11.14.2016College & CommunityCollege General

SANFORD - Despite its long list of accomplishments dating back thousands of years, the Maya civilization probably hasn't been on the radar long for many students walking into the Central Carolina Community College gym on Oct. 31 to hear author and archaeologist Char Solomon discuss her personal encounter with the ancient culture.

But by the time the hour-long lecture concluded, most were intrigued. And at least one had discovered an unexpected, personal connection with the speaker and her topic.

"Introduction to the Maya" was part of a series that brings notable speakers to CCCC's Lee Main Campus to help university transfer students explore new ideas and enrich their classroom experience.

Solomon has researched and lectured on the Maya extensively. She worked as an archaeological field assistant in Mexico and Guatemala during the 1970s and is author of "Tatiana Proskouriakoff, Interpreting the Ancient Maya," a biography about one of the world's leading scholars of the Maya civilization.

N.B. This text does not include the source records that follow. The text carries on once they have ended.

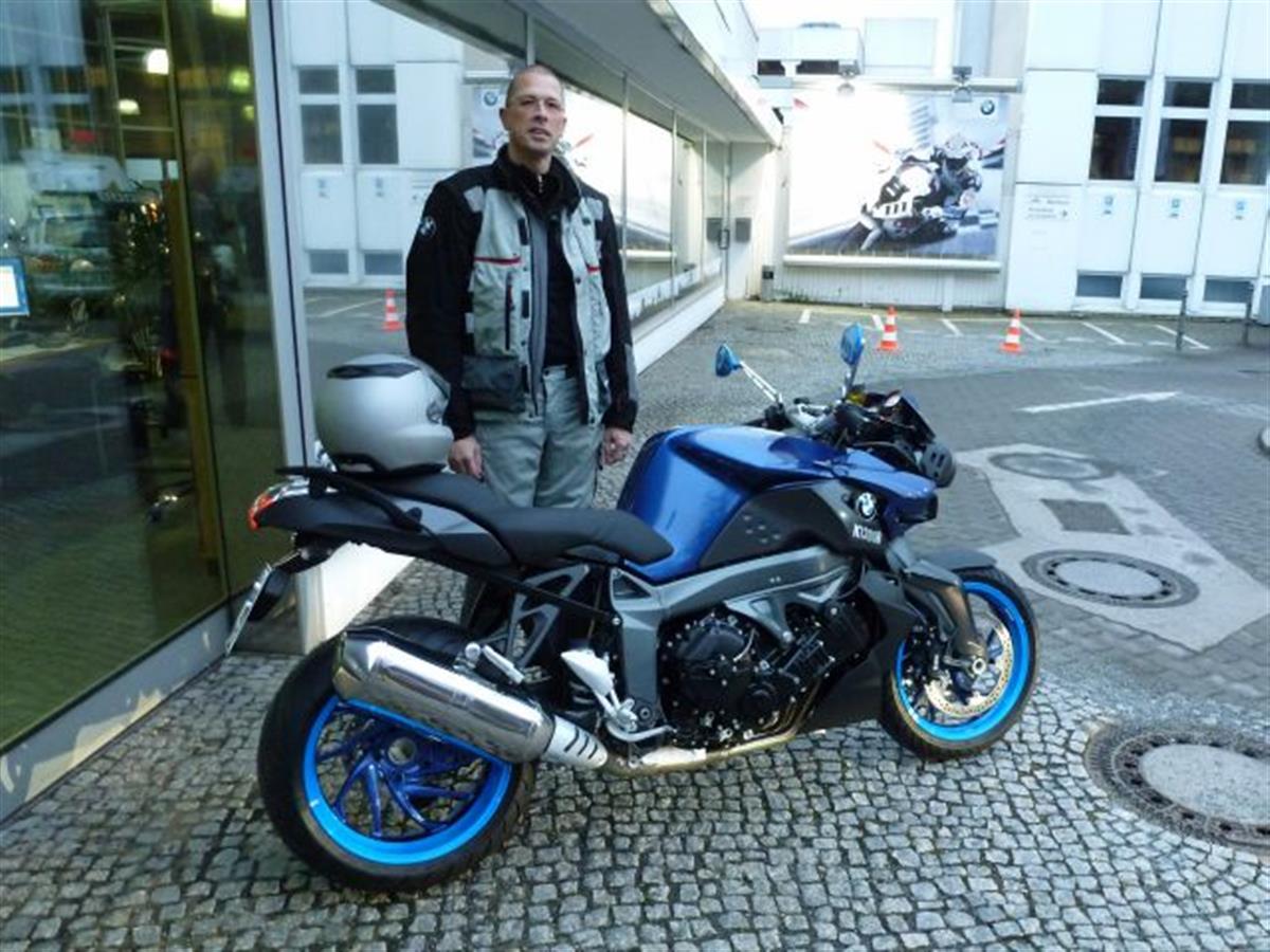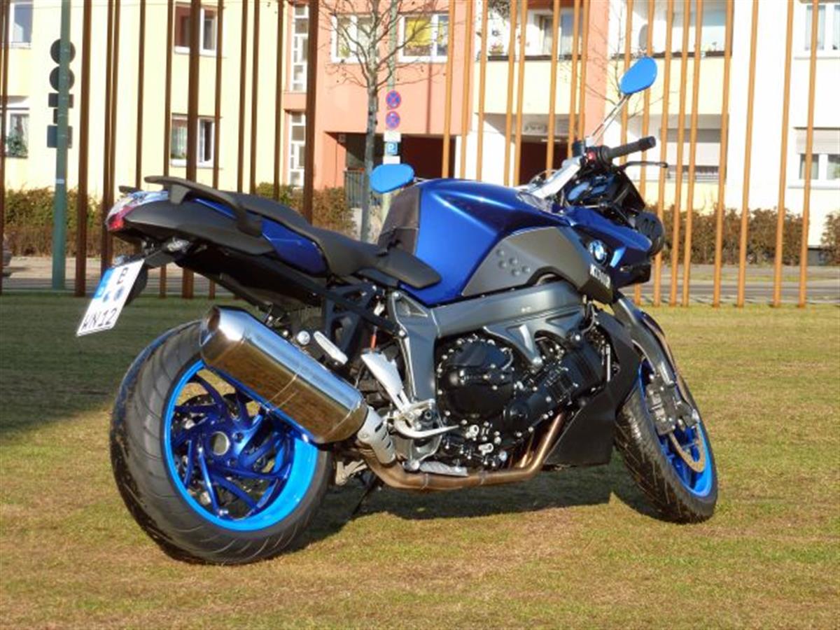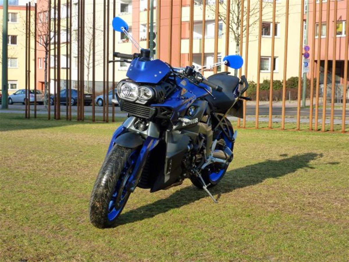 The fourth K. BMW did not manage to develop a new new interesting bike for me yet. So I had to stick to the K1300R. Again in blue. This time I combined two shades of blue: A decent dark blue BMW Montego blue metallic and a loud flashy glowing blue. I like it. And I like the mirrors painted in glowing blue.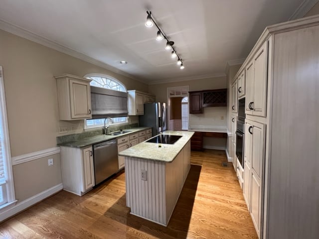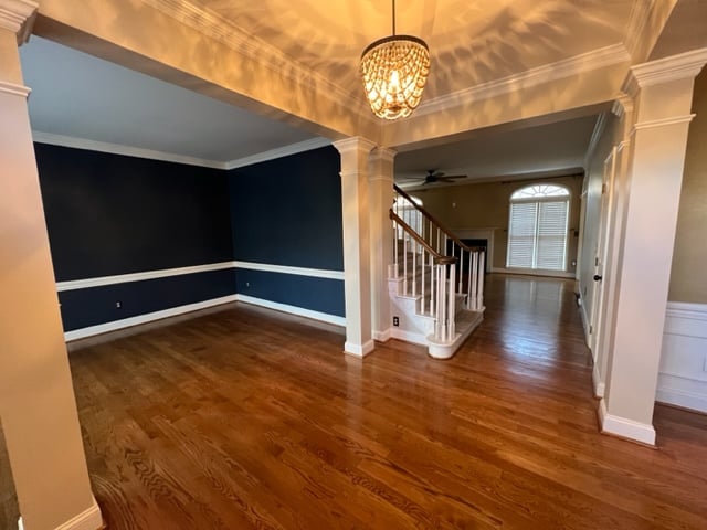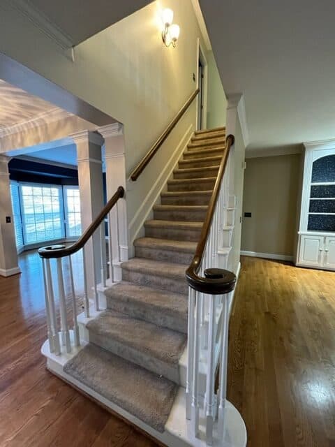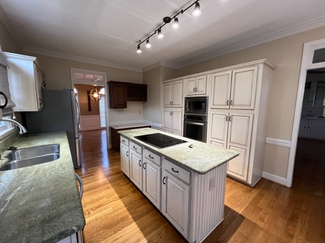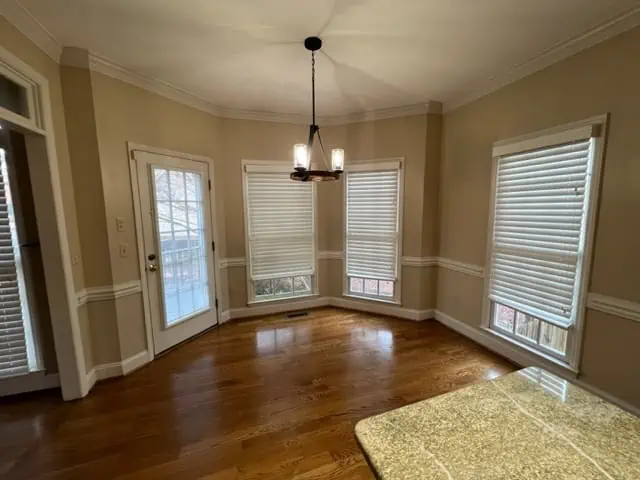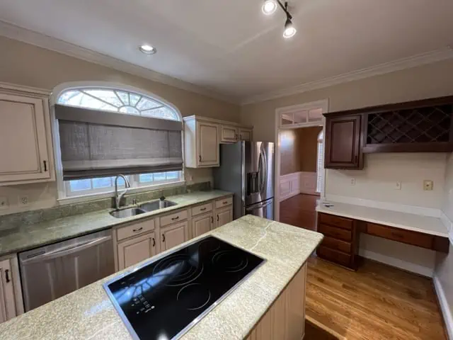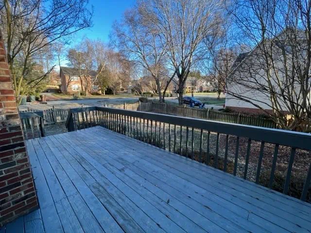 Marathon Property Solutions Presents: 5506 Harbor Gate Court, Greensboro, NC 27455: Two story brick home on corner lot! 5 bedrooms, 3 ½ baths. Entry foyer, formal living & dining rooms. Updated light fixtures. Hardwood floors on main level. Kitchen has updated cabinets, wine bar area, stainless steel appliances, granite countertops, island with cooktop. Fenced back yard with deck & fire pit. Huge den with built-in cabinets & wet bar, gas log fireplace. Main level laundry room with tile flooring & laundry folding table. All bedrooms are on second floor. One guest bedroom has walk-in closet and full bath. Two additional guest bedrooms are spacious. Primary bedroom has deep walk-in closet, primary bath with dual vanity, garden tub, separate shower. Fifth bedroom is attached to primary bedroom, would make a great nursery or office. Walk-in attic. Attached 2 car garage. Available now!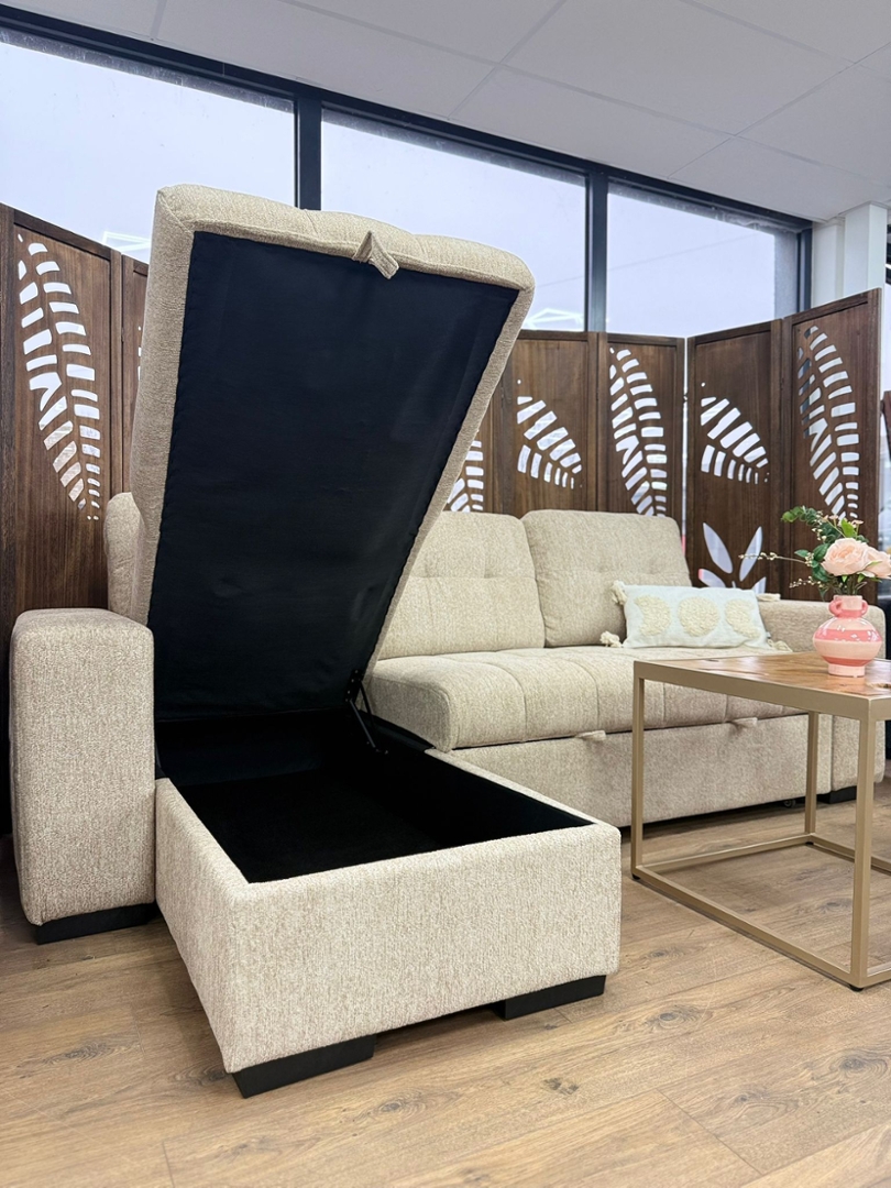 A beige sofa bed offers a clean, contemporary look, finished in a soft, textured upholstery that complements a wide range of interior styles. Set on subtle black legs, the design feels balanced and modern, with broad armrests and neatly structured back cushions creating a strong yet inviting silhouette. Its neutral tone makes it easy to style, while the generous chaise section adds visual depth and everyday comfort.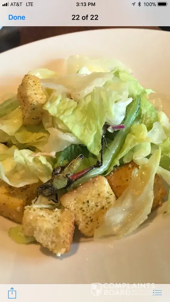 Yep. I just left and got a green critter in my salad as well. Wonder if there salad supplier isn't cleaning it well. I'm a little queezy but still ate the fresh bowl they brought me. Ate it a little slower and carefully watched my bites though. Got about a $15 discount as well. Works for me. I gave our waitress $10 from a now $15 bill. Wasent her fault or the restaurants. [censored] happens. It could be worse like a cockroach.
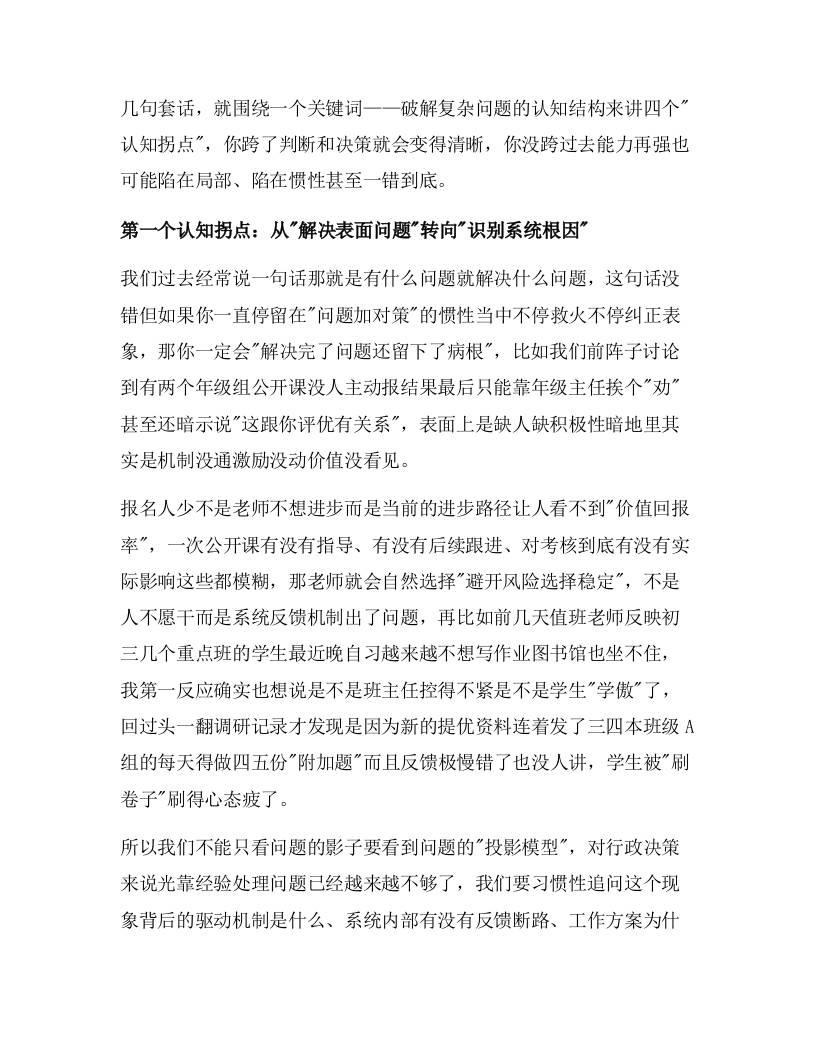 校长在行政班子会上讲话:别用惯性思维管复杂学校,这四个认知拐点,班子成员必须跨过!admin1个月前发布关注私信02415 ——预览已结束,还剩4页未读——开通会员后可免费下载高清完整文档 校长在行政班子会上讲话:别用惯性思维管复杂学校,这四个认知拐点,班子成员必须跨过!此内容为付费资源,请付费后查看¥9.9黄金会员免费钻石会员免费暂时无法购买,请与站长联系您当前未登录!建议登陆后购买,可保存购买订单格式docx页数6 页大小20.04 KB付费资源© 版权声明文章版权归作者所有,未经允许请勿转载。THE END发言稿 喜欢就支持一下吧点赞15 分享QQ空间微博QQ好友海报分享复制链接收藏

At the height of their influence, the Maya lived in a region extending from southern Mexico southward through modern-day Belize, Guatemala, El Salvador, and Honduras. As Solomon projected images of ancient sites and artifacts throughout the region, she described some of the culture's major achievements.

Among them: hieroglyphics, an early writing system that has been decoded over the last couple of generations by scientists, revealing new insights about the civilization. Also, some ambitious architecture, even full-scale cities that were rendered by Proskouriakoff in illustrations using archaeological research.

Solomon says Maya pyramids capture everyone's imagination. Tourists still flock to famous ancient sites like Copan in Honduras and Tikal in Guatemala to admire the ruins -- tall, stone structures covered with what looks like rows of narrow steps rising from the ground toward the sky.

One at Copan was built with what Solomon described as a "hieroglyphic staircase," an ascending path constructed from individual stones, each one carved with glyphs. As archaeologists reassembled the structure like a jigsaw puzzle, they were able to read information carved into the pyramid -- a record of Maya kings and their accomplishments.

Solomon described how another excavation at Palenque, in southern Mexico, managed to unearth the burial chamber of Pakal, one well-known Maya who ruled in the first century.

As she wrapped up her presentation and took questions, Solomon mentioned some broader themes she hoped students would take away from the lecture: a general sense of Maya history, some notable accomplishments of the ancient culture and what she called "the process of discovery."

Then, she noted that some in the audience might even have descended from the Maya.

That brought an enthusiastic reaction from Zorayma Estrada, a Lee Early College junior taking classes at CCCC, who nearly leapt from her front-row seat. When she arrived for the lecture, Estrada knew she might hear something about her native Mexico. But she didn't expect to hear Solomon discuss Chiapas, the region where she was born and raised.

"When she talked about dialects, I thought that was interesting," Estrada said about Solomon's discussion of Mayan language. "My dad actually still has his fluent dialect."

Bianka Stumpf, CCCC's social sciences lead instructor who organized the lecture, said these cultural enrichment events are important for students to connect studies to their own experience and understand how knowledge from one academic discipline relates to others.

After Solomon answered questions about contemporary Mayan language, her life as an archaeologist, and the environmental impact of archaeological digs, Stumpf reminded students that many of them came in expecting a history presentation. But what they got was much more.

"It reminds us in a university transfer program how our very seemingly different disciplines really do intersect," Stumpf said. "And that's where the material is so rich."

Solomon's appearance was made possible by funding from the North Carolina Humanities Council, a statewide nonprofit and affiliate of the National Endowment of the Humanities. It also was part of CCCC's celebration of National Hispanic Heritage Month.